Micrographs demonstrating fluorescent staining of neurons in the RVM for TRPV1 receptor and VGLUT1 (A–C) and for TRPV1 receptor and VGAT (D–F). A–C, Overview of the RVM region examined for TRPV1 and VGLUT1 localization; solid line box marks the region shown in A₁–C₁. Note that some TRPV1-labeled cells are surrounded by VGLUT1-positive nerve terminals (asterisk), whereas other cells are positive for both TRPV1 and VGLUT1 (arrows).

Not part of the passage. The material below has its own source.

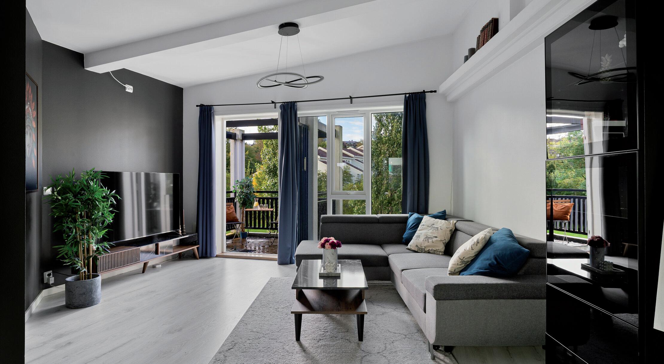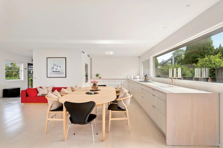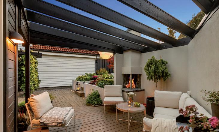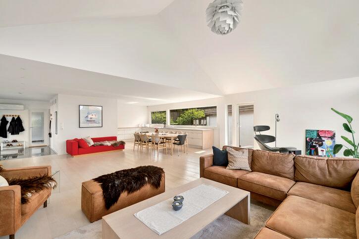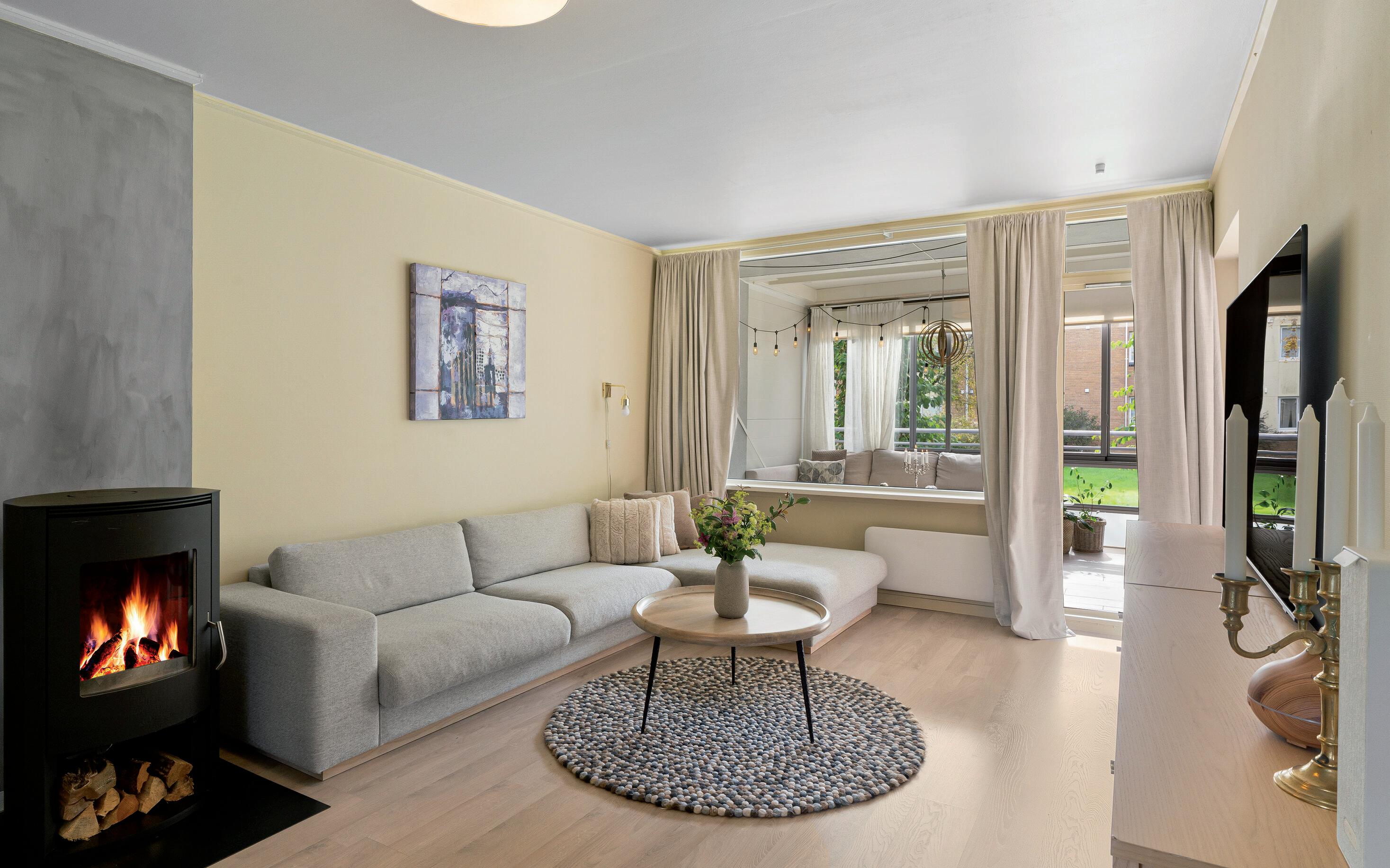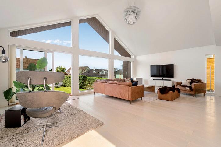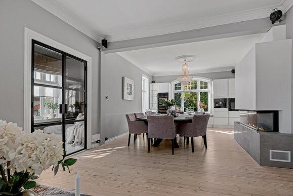 - Lys og åpen hovedetasje med store vindusflater og en lekker, moderne gasspeis som hjertet i stuen.

D–F, Note constant TRPV1 labeling of cell membranes and cytoplasm in the RVM (D, D₁) and VGAT-positive terminals (E, E₁) surrounding TRPV1-positive cells (F, F₁). Scale bar: A–F, 60 μm; A₁–F₁, 15 μm. Images are representative of those obtained in nine sections per rat.

Figure 9.

Photomicrographs of coronal sections through the ventrolateral PAG showing the same area immunolabeled for TRPV1 in green, mGluR7 or μ opioid receptor (MOR) in red, and both in yellow in the merged images; and in the RVM representing neurons marked for TRPV1 (green) and mGluR7 (red) and merged images (yellow). A–C, Double immunofluorescence for TRPV1 and mGluR7 in the ventrolateral PAG. Note colocalization of TRPV1 and mGluR7 in the vast majority of neurons; just a few cells were only mGluR7 positive (arrow). D–F, Intense cytoplasmic localization for TRPV1 and mGluR7 on cell bodies of RVM neurons. G–I, Double immunofluorescence for TRPV1 and MOR in the ventrolateral PAG region showing TRPV1 distribution with postsynaptic MOR (yellow cells) in the majority of neurons stained, although some cells were also simply TRPV1-ir (arrows). J–L, Strong cytoplasmic colocalization for TRPV1 and MOR in a vast majority of cell bodies of RVM neurons. Aq, Lumen of aqueduct. Scale bars: A–C, G–I, 80 μm; D–F, J–L, 15 μm. Images are representative of those obtained in nine sections per rat.